What is RawComparator and its significance?
Is it mandatory to use RawComparator for every mapreduce program?
A RawComparator directly operates on byte representations of objects
it is not mandatory to use it in every map reduce program
MapReduce is fundamentally a batch processing system, and is not
suitable for interactive analysis. You can’t run a query and get results back in a few seconds or less. Queries typically take minutes or more, so it’s best for offline use, where there is n’t a human sitting in the processing loop waiting for results.

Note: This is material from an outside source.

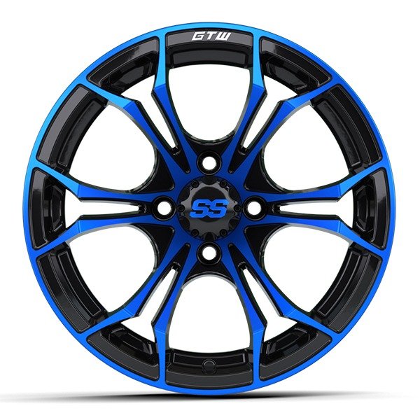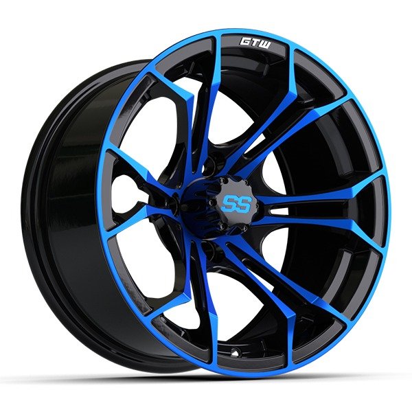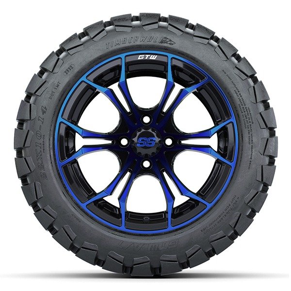 14″ Spyder Blue/Black Golf Cart Wheels and 22″ Tall GTW Timberwolf Tires Combo – Set of 4 – Includes Lug Nuts

If you still want to optimize time taken by Map Reduce Job, then you have to use RawComparator.
Use of RawComparator:
Intermediate key value pairs have been passed from Mapper to Reducer. before these values reach Reducer from Mapper, shuffle and sorting steps will be performed.
Sorting is improved because the RawComparator will compare the keys by byte. If we did not use RawComparator, the intermediary keys would have to be completely de-serialized to perform a comparison.
Example:
public class IndexPairComparator extends WritableComparator {
protected IndexPairComparator() {
super(IndexPair.class);
}
#Override
public int compare(byte[] b1, int s1, int l1, byte[] b2, int s2, int l2) {
int i1 = readInt(b1, s1);
int i2 = readInt(b2, s2);
int comp = (i1 < i2) ? -1 : (i1 == i2) ? 0 : 1;
if(0 != comp)
return comp;
int j1 = readInt(b1, s1+4);
int j2 = readInt(b2, s2+4);
comp = (j1 < j2) ? -1 : (j1 == j2) ? 0 : 1;
return comp;
}
}
In above example, we did not directly implement RawComparator. Instead we extended WritableComparator, which internally implements RawComparator.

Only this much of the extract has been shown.